Your output should be the lines from the one containing "こまちぷらすのスタッフのほか" through the last line below, both ends included, exactly as written and free of pictures.

Stored entries:

★ ★ ★ ★ ★

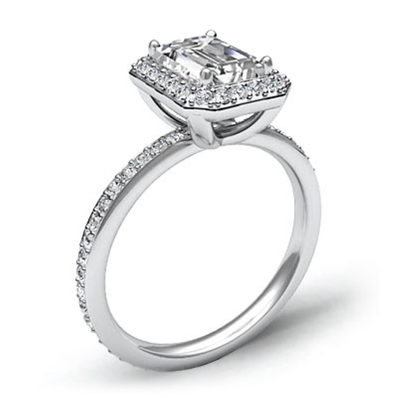 Micro Pave Set Halo Eternity style Engagement Ring, center is Emerald shape Diamond Report by GIA, D Color & VVS1 clarity, Made in 14k White Gold (1.5 ct. tw.)
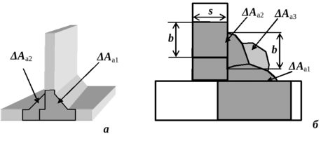 Если активные зоны от швов перекрываются, то в площадь ΔАаi входит только та часть активной зоны очередного шва, которая не перекрывается с предыдущими. В перекрывающихся частях активных зон начальные напряжения близки к пределу текучести и изменение напряжения в них не происходит. На рис. 15 показана схема определения ΔАаi от каждого прохода при двухсторонней сварке таврового соединения и при сварке многопроходного шва.
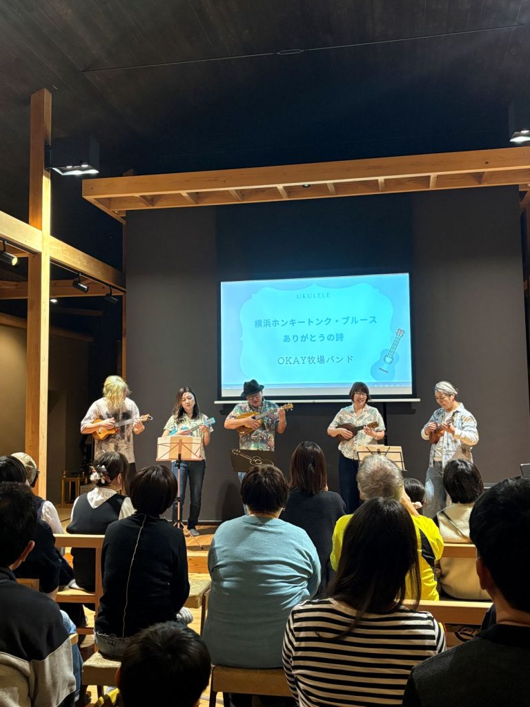 こまちぷらすのスタッフのほか、こまちぷらすを応援してくださっている方にもお声かけして出演者を募りました。一番に手をあげてくださったOKAY牧場バンドは「いつでもだれでも入ってOKのバンド」で、音楽でつながった地域の方々による歌やウクレレ演奏で盛り上げてくださいました。
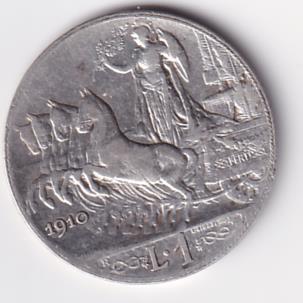 Moneta Italia Regno Vittorio Emanuele III Anno 1910 Lire 1 Quadriga veloce
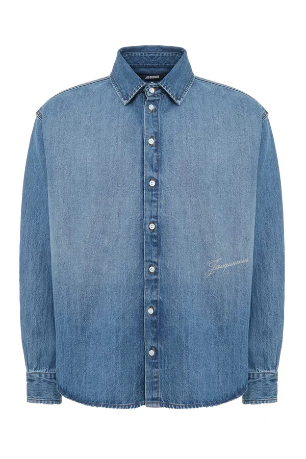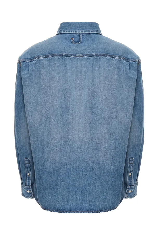 РУБАШКА СИНЯЯ, ДЖИНСОВАЯ, СВОБОДНАЯ, БЕЖЕВАЯ ЛОГО-НАДПИСЬ

★ ★ ★ ★ ★

▶ Answer section:
 こまちぷらすのスタッフのほか、こまちぷらすを応援してくださっている方にもお声かけして出演者を募りました。一番に手をあげてくださったOKAY牧場バンドは「いつでもだれでも入ってOKのバンド」で、音楽でつながった地域の方々による歌やウクレレ演奏で盛り上げてくださいました。
 Moneta Italia Regno Vittorio Emanuele III Anno 1910 Lire 1 Quadriga veloce
 РУБАШКА СИНЯЯ, ДЖИНСОВАЯ, СВОБОДНАЯ, БЕЖЕВАЯ ЛОГО-НАДПИСЬ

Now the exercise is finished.